[clang] [llvm] [Offload] Provide a kernel library useable by the offload runtime (PR #104168)

Wed Aug 14 14:45:48 PDT 2024

================
@@ -392,25 +392,52 @@ EXTERN void *omp_target_memset(void *Ptr, int ByteVal, size_t NumBytes,
     DP("filling memory on host via memset");
     memset(Ptr, ByteVal, NumBytes); // ignore return value, memset() cannot fail
   } else {
-    // TODO: replace the omp_target_memset() slow path with the fast path.
-    // That will require the ability to execute a kernel from within
-    // libomptarget.so (which we do not have at the moment).
-
-    // This is a very slow path: create a filled array on the host and upload
-    // it to the GPU device.
-    int InitialDevice = omp_get_initial_device();
-    void *Shadow = omp_target_alloc(NumBytes, InitialDevice);
-    if (Shadow) {
-      (void)memset(Shadow, ByteVal, NumBytes);
-      (void)omp_target_memcpy(Ptr, Shadow, NumBytes, 0, 0, DeviceNum,
-                              InitialDevice);
-      (void)omp_target_free(Shadow, InitialDevice);
-    } else {
-      // If the omp_target_alloc has failed, let's just not do anything.

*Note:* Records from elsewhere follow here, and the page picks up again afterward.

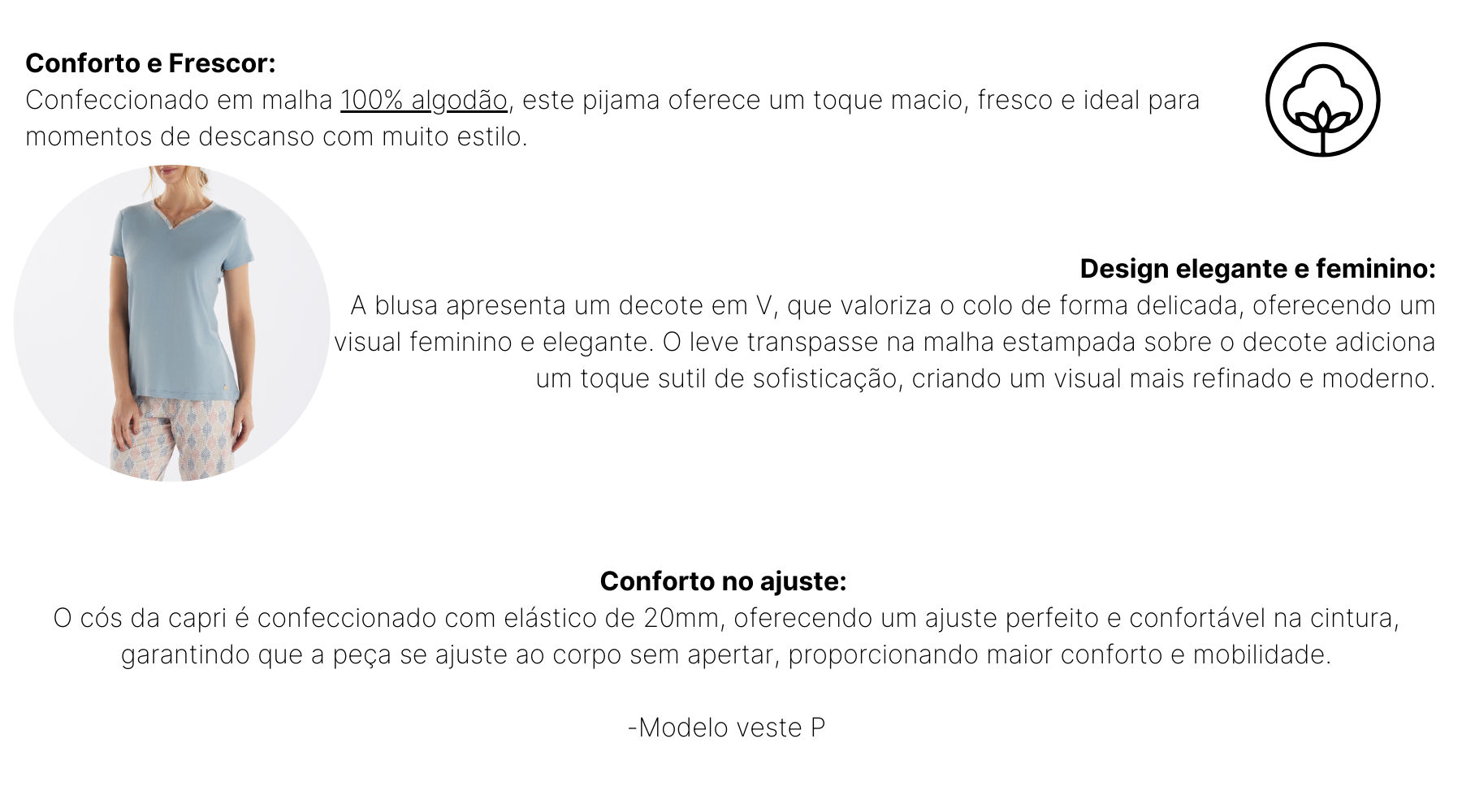 PIJAMA MEIA MANGA EM MEIA MALHA COM CAPRI EM MALHA ROTATIVA FEMININO
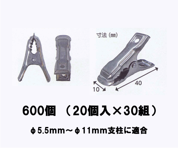 商 品 説 明 材質 ステンレス サイズ (約)長さ40mm×幅10mm 適合支柱サイズ φ5.5〜φ11mm 入数 600個 (20個入×30組) カラー シルバー 特長 ●ステンレスだからサビに強く耐久性に優れています。
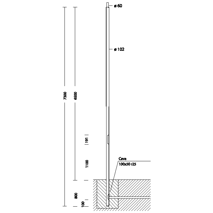 Palo in acciaio ø 102, colore argento. Con finestra d'ispezione in alluminio pressofuso (191x55mm), completo di 2 portafusibile di protezione, 2 fusibili da 16A , morsettiera asportabile a 4 poli. Predisposto con foro per ingresso cavo di alimentazione. Riduzione Ø60 mm. Per la versione con base è necessario acquistare 4 tirafondi da interrare, bulloneria e tappi. Si consiglia l'utilizzo con gli accessori 465/467 e con gli articoli Agadir, Monza e Metropolis.
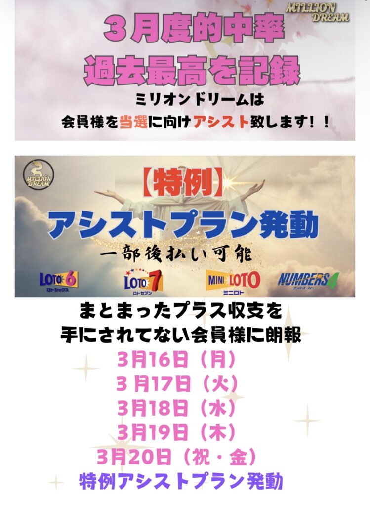 まねき猫_ジパング_ミリオンドリーム_ミリオネア_百万石_宝くじ予想サイトで高額当選!2026年3月20日の参加プラン!ロト、ナンバーズ、予想、数字、無料!
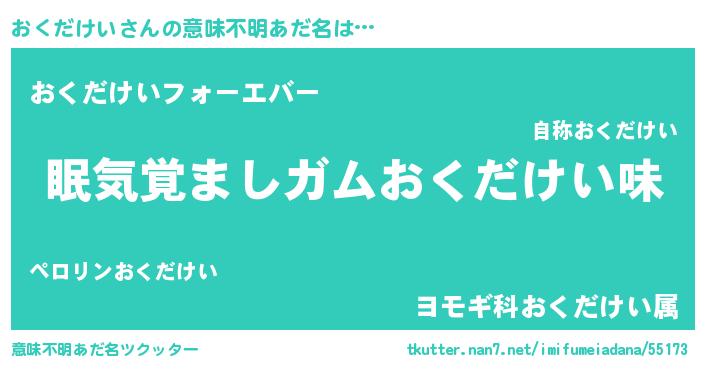 | 欧米人風あだ名 | 『おくだけい・ステッグマイヤー』 |
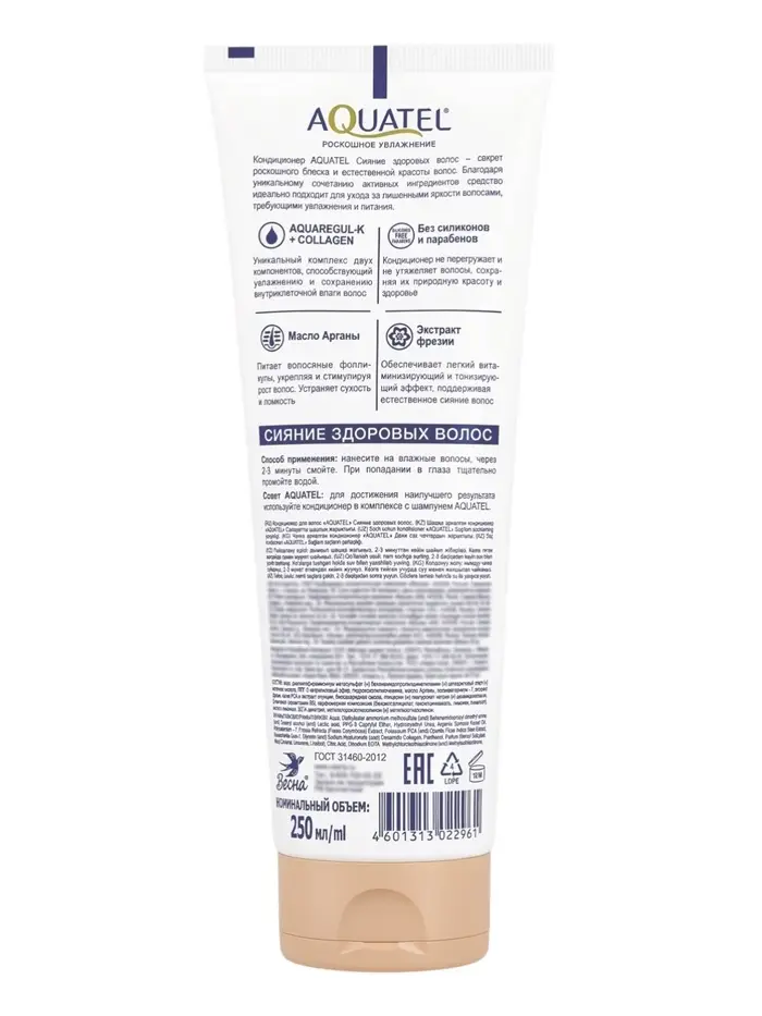 Преимущества кондиционера «AQUATEL» Сияние здоровых волос, 250 мл:
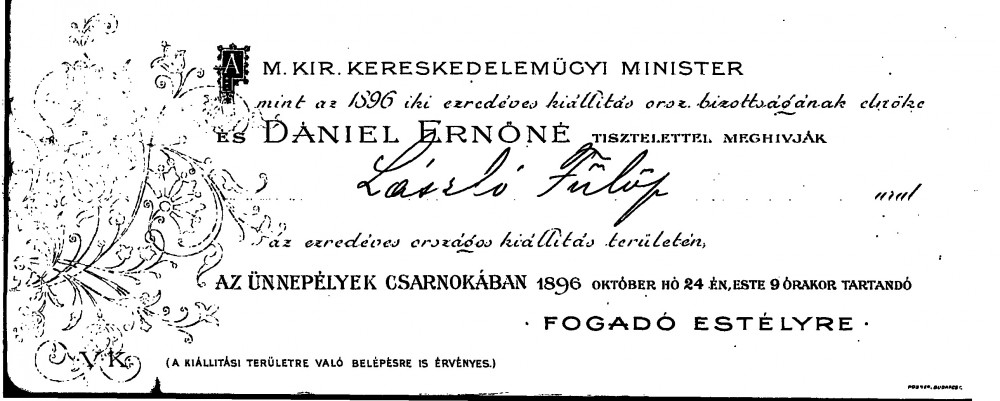 Invitation to attend a reception on 24th October 1896 at the Millennial Exhibition, issued by the Minister of Commerce, Ernő Dániel, and his wife
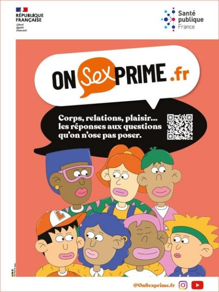 Poster for the OnSEXprime initiative featuring a QR code that links directly to the onsexprime.fr website. This document is intended for young people.
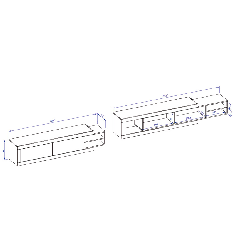 Base TV extensível até 242cm, composto por 2 portas basculantes e 2 nichos.
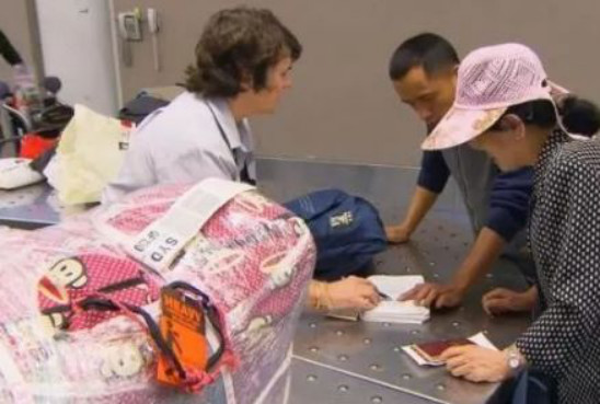 在进入海关检查时,大包小包的样子引起了工作人员的注意。
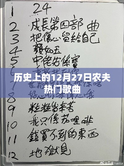 每年的12月27日,都是一个值得纪念的日子,这一天,在历史的长河中,不仅承载着无数重大事件和人物的命运转折,也见证了农夫音乐的繁荣与变迁,本文将带领大家走进这一天,探寻那些与农夫息息相关的热门歌曲。
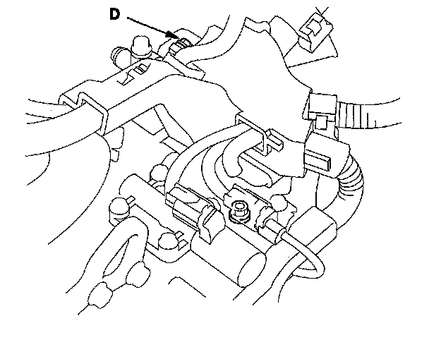 13. Remove the air intake duct and air cleaner housing, and connect the oil pressure gauge to the 2nd clutch pressure inspection port (D). Then temporarily install the air cleaner housing and air intake duct.

-      // omp_target_memset does not have any good way to fail, so we
-      // simply avoid a catastrophic failure of the process for now.
-      DP("omp_target_memset failed to fill memory due to error with "

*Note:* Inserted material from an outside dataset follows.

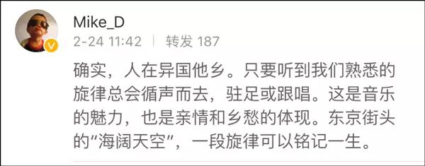 据歌手说@小海南刺青 说,她哭的很伤心,唱完我问她,才知道她嫁来日本16年,很思念祖国。她没想到我一个中国人,会漂洋过海到日本东京街头去表演,这让她很感动。
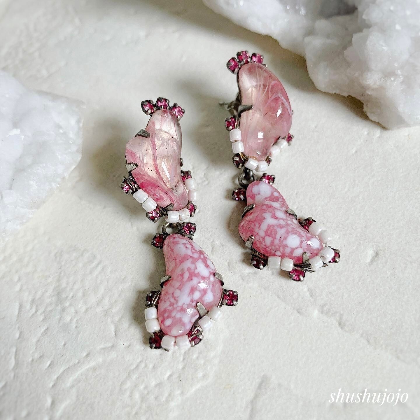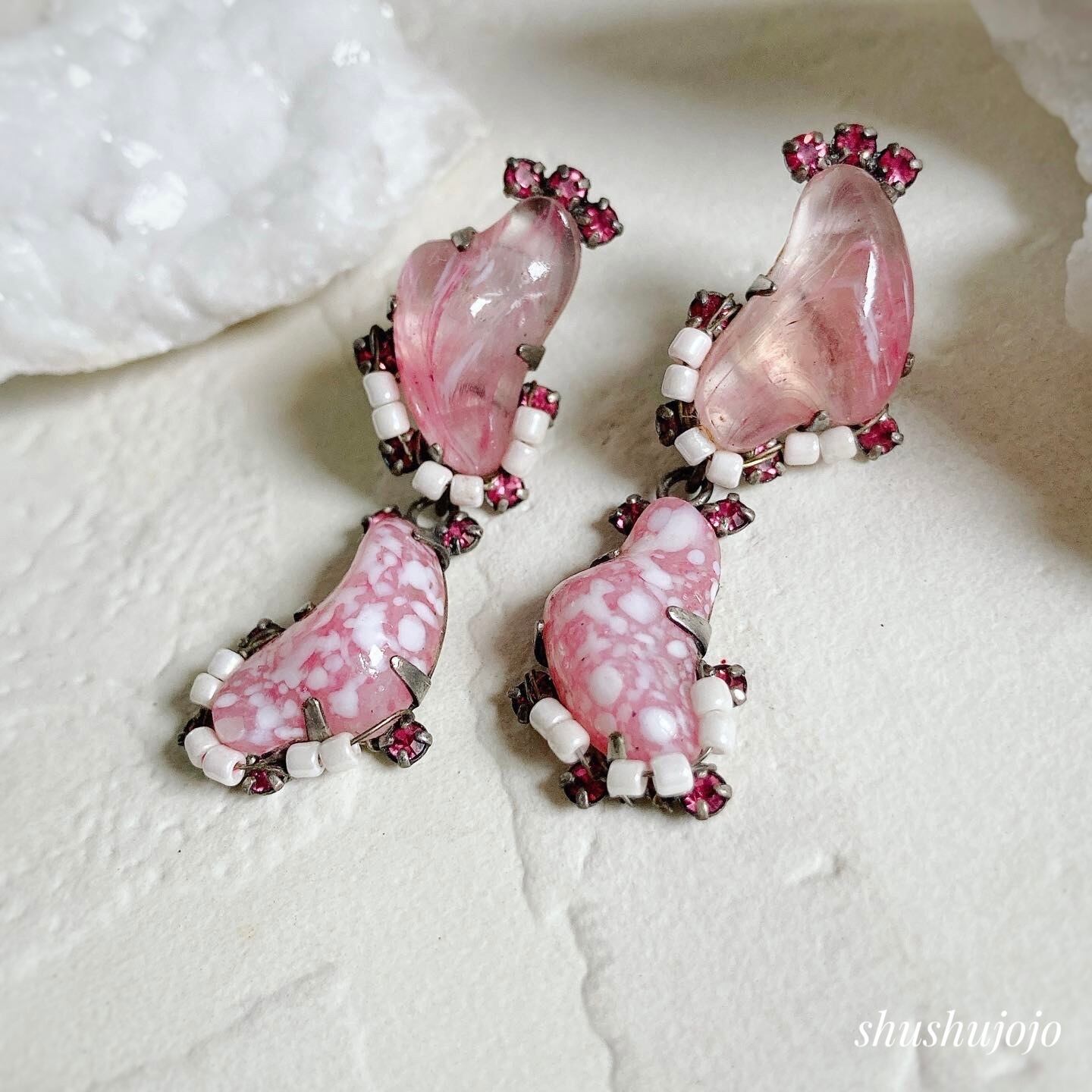 ガラスの縁にはビーズやラインストーンの装飾が所々施されています。アシンメトリーなデザインが他にはないアクセサリーです。

-         "omp_target_alloc");
+    struct LaunchArgsTy {
+      void *Ptr;
+      int ByteVal;
+      size_t NumBytes;
+    } LaunchArgs{Ptr, ByteVal, NumBytes};
+
+    auto NumThreads = NumBytes > 256 ? 256 : NumBytes;
+    auto NumBlocks = (NumBytes + 255) / 256;
+    const char *KernelName = "__memset";
+    switch (ByteVal) {
+    case 0:
+      KernelName = "__memset_zero";
+      break;
+    case ~0:
+      KernelName = "__memset_ones";
+      break;
+    default:
+      break;
+    };
+    // Try to launch the __memset kernel first.

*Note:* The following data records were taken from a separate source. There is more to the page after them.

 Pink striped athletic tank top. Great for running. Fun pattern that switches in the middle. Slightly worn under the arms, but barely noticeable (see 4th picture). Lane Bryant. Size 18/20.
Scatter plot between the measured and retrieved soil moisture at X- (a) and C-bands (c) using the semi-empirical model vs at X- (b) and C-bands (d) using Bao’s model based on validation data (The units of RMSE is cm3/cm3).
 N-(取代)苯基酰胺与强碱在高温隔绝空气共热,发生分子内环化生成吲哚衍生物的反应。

+    KernelArgsTy KernelArgs;
+    KernelArgs.NumTeams[0] = NumBlocks;
+    KernelArgs.ThreadLimit[0] = NumThreads;
+    struct {
+      size_t LaunchArgsSize;
+      void *LaunchArgs;
+    } WrappedLaunchArgs = {sizeof(LaunchArgs), &LaunchArgs};
+    KernelArgs.ArgPtrs = reinterpret_cast<void **>(&WrappedLaunchArgs);
+    KernelArgs.Flags.IsCUDA = true;
+    if (__tgt_launch_by_name(nullptr, DeviceNum, KernelName, &KernelArgs)) {
----------------
jhuber6 wrote:

Why do we need a new API call for this? Shouldn't it be sufficient to look up the global like the offloading entry handling does it?

https://github.com/llvm/llvm-project/pull/104168